**WORK REQUIRED**.
Look for the line containing "Fendi Roll Mini" and the line containing "(c)2025 石森プロ・テレビ朝日・ADK EM・東映" in the entries below. Copy those two and all lines between them exactly, leaving out pictures.

**DATA TO PROCESS**.
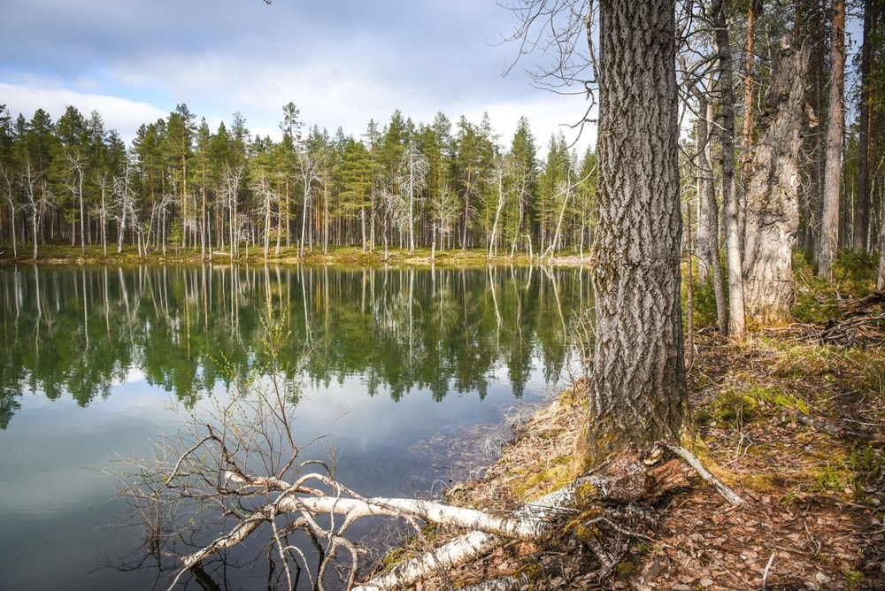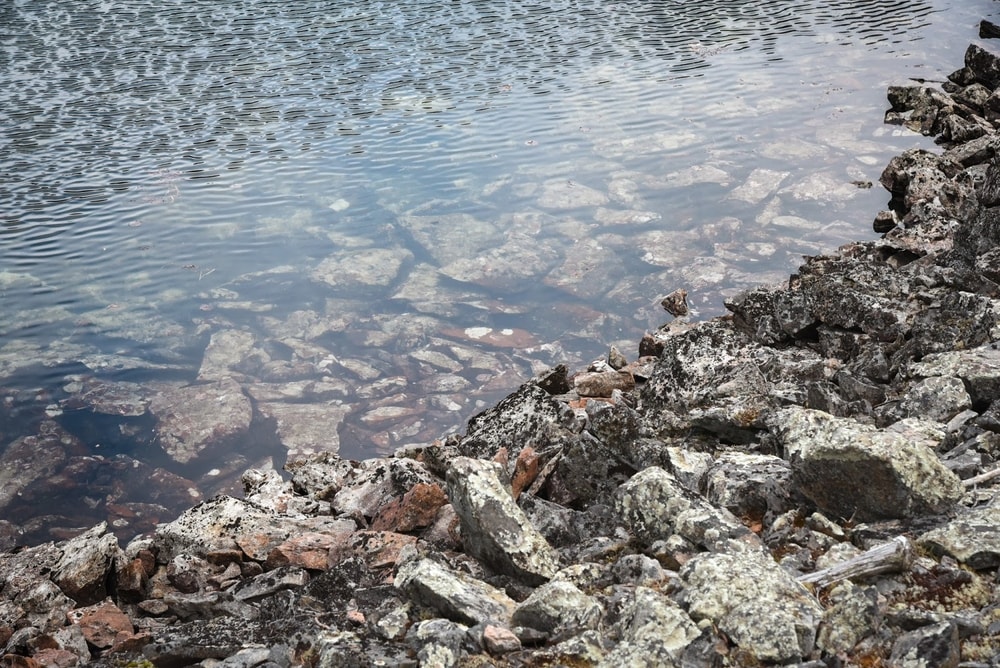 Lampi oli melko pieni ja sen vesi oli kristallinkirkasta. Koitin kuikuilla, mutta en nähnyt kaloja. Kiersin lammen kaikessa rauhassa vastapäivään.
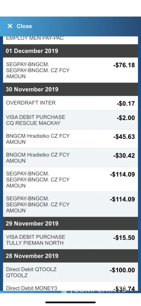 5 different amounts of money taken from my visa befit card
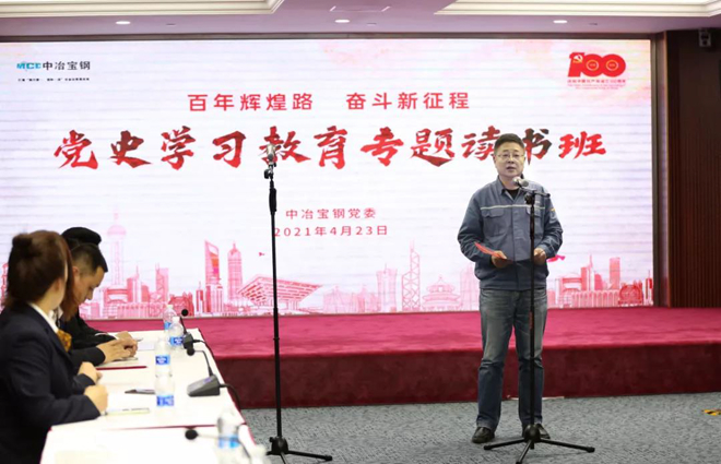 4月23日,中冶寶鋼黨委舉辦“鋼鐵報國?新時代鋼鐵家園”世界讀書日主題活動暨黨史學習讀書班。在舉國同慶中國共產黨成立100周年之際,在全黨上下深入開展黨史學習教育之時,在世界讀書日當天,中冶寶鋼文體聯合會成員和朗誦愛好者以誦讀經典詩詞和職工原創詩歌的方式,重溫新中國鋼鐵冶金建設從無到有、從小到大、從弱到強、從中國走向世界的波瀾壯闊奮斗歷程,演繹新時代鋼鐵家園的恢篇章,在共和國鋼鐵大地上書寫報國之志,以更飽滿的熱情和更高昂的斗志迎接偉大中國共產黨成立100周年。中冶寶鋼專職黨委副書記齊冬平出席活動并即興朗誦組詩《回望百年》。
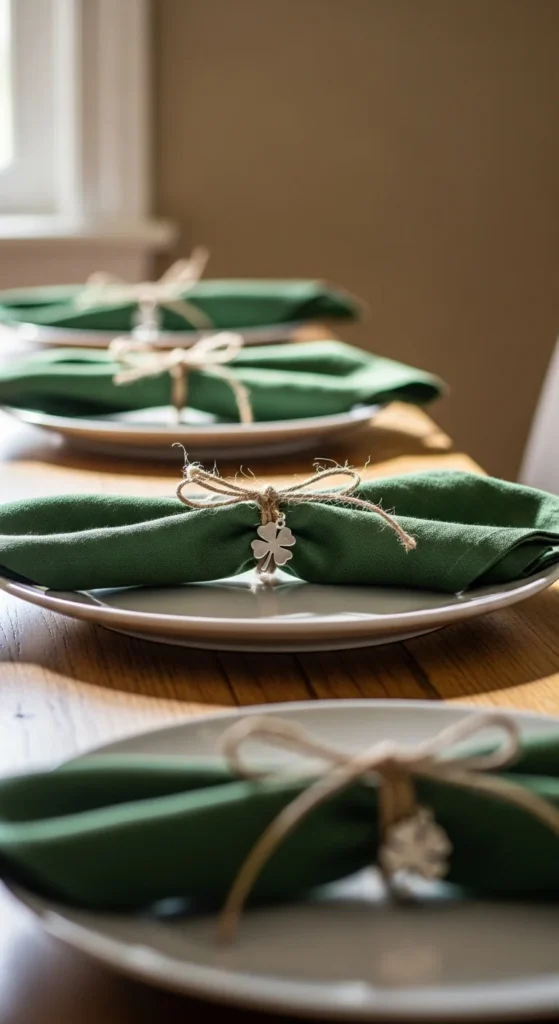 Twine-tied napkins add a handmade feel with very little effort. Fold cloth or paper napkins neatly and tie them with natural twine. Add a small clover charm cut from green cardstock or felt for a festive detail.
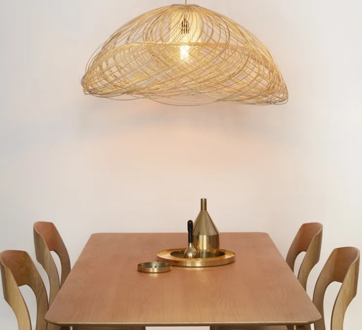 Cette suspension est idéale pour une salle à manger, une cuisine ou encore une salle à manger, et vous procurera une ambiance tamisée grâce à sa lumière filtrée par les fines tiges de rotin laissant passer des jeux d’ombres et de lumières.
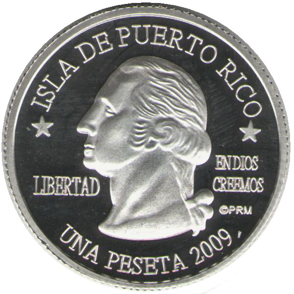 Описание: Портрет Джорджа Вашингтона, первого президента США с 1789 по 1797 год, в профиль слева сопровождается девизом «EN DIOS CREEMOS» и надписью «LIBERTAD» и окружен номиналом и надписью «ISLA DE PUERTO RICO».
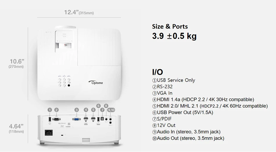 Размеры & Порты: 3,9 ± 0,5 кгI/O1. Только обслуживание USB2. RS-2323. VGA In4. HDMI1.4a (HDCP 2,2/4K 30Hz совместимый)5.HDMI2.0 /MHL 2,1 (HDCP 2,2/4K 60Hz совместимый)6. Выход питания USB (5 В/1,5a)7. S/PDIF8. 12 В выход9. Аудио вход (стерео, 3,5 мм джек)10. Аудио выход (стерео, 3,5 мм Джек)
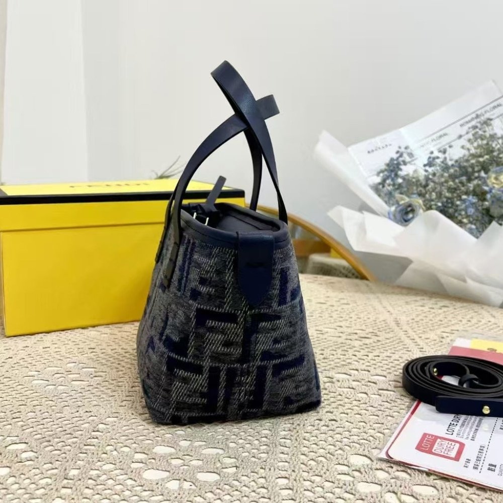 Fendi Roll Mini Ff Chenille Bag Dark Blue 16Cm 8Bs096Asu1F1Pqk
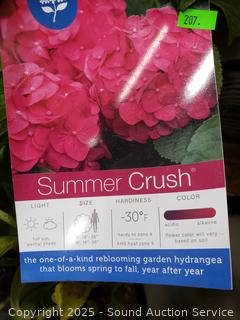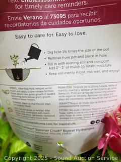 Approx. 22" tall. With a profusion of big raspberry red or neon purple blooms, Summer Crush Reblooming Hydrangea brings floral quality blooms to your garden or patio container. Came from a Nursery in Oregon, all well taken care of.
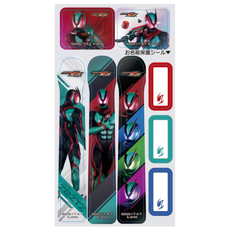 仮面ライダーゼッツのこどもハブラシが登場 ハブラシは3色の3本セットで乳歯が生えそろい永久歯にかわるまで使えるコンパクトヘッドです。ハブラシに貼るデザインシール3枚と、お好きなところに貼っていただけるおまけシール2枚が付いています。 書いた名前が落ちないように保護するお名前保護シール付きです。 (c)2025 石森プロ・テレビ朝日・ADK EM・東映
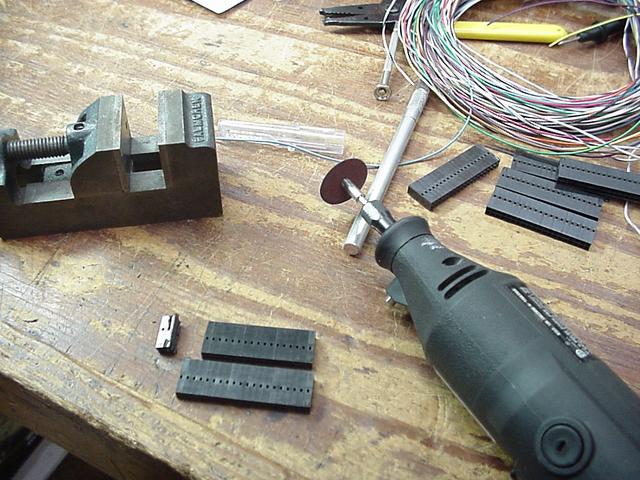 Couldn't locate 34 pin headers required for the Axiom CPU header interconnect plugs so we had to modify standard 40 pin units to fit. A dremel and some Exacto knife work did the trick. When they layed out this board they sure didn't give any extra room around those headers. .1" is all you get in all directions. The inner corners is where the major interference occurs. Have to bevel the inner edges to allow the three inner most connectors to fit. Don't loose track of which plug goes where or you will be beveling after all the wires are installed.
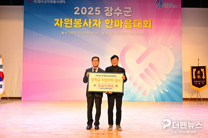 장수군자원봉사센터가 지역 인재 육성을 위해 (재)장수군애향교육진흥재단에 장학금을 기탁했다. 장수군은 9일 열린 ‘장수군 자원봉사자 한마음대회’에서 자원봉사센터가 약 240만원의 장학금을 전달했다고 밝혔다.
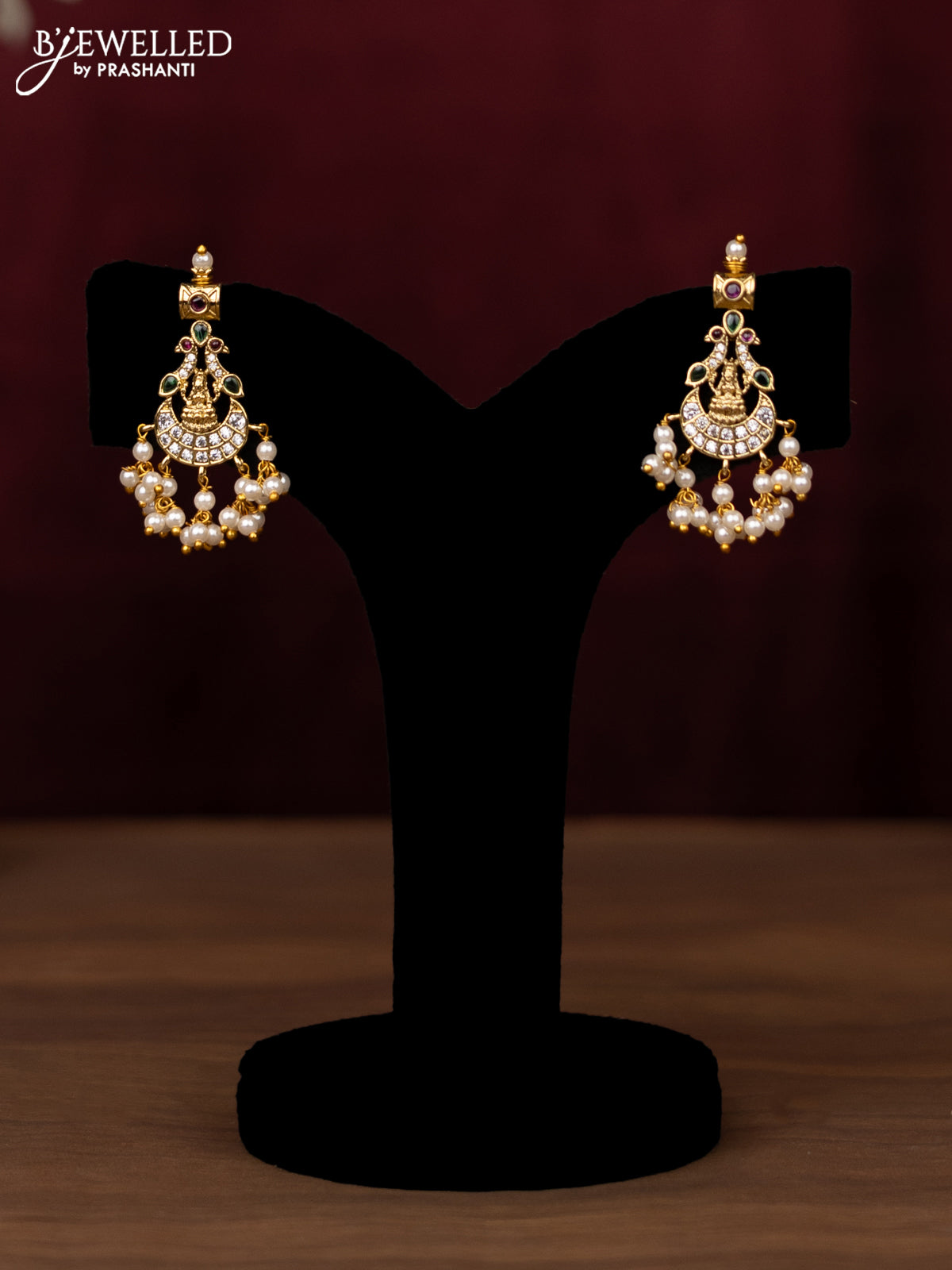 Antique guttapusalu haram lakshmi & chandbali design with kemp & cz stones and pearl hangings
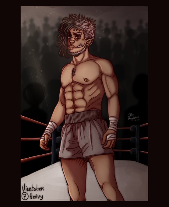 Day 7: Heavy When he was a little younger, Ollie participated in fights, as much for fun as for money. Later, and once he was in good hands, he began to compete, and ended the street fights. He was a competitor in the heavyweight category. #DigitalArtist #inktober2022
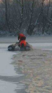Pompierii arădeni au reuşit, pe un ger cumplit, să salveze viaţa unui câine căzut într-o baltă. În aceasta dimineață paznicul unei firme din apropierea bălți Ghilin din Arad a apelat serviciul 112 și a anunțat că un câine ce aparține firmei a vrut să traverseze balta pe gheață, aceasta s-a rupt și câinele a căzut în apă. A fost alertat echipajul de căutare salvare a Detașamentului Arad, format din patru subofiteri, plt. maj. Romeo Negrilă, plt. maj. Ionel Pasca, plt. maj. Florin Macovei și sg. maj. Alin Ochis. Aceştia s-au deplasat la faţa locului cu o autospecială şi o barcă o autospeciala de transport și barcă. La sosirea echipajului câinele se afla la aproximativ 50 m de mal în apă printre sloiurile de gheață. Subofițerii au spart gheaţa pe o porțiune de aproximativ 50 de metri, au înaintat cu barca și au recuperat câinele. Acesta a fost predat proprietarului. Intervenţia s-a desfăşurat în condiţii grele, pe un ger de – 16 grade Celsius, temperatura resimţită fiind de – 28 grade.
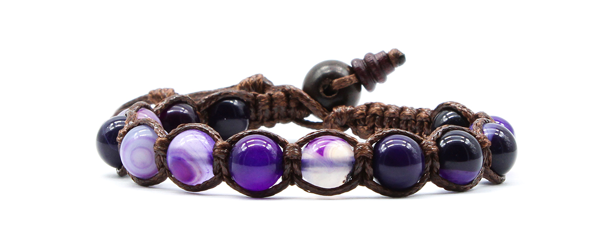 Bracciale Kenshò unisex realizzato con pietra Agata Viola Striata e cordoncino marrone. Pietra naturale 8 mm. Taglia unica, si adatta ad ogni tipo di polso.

**THE ANSWER**.
 Fendi Roll Mini Ff Chenille Bag Dark Blue 16Cm 8Bs096Asu1F1Pqk
 Approx. 22" tall. With a profusion of big raspberry red or neon purple blooms, Summer Crush Reblooming Hydrangea brings floral quality blooms to your garden or patio container. Came from a Nursery in Oregon, all well taken care of.
 仮面ライダーゼッツのこどもハブラシが登場 ハブラシは3色の3本セットで乳歯が生えそろい永久歯にかわるまで使えるコンパクトヘッドです。ハブラシに貼るデザインシール3枚と、お好きなところに貼っていただけるおまけシール2枚が付いています。 書いた名前が落ちないように保護するお名前保護シール付きです。 (c)2025 石森プロ・テレビ朝日・ADK EM・東映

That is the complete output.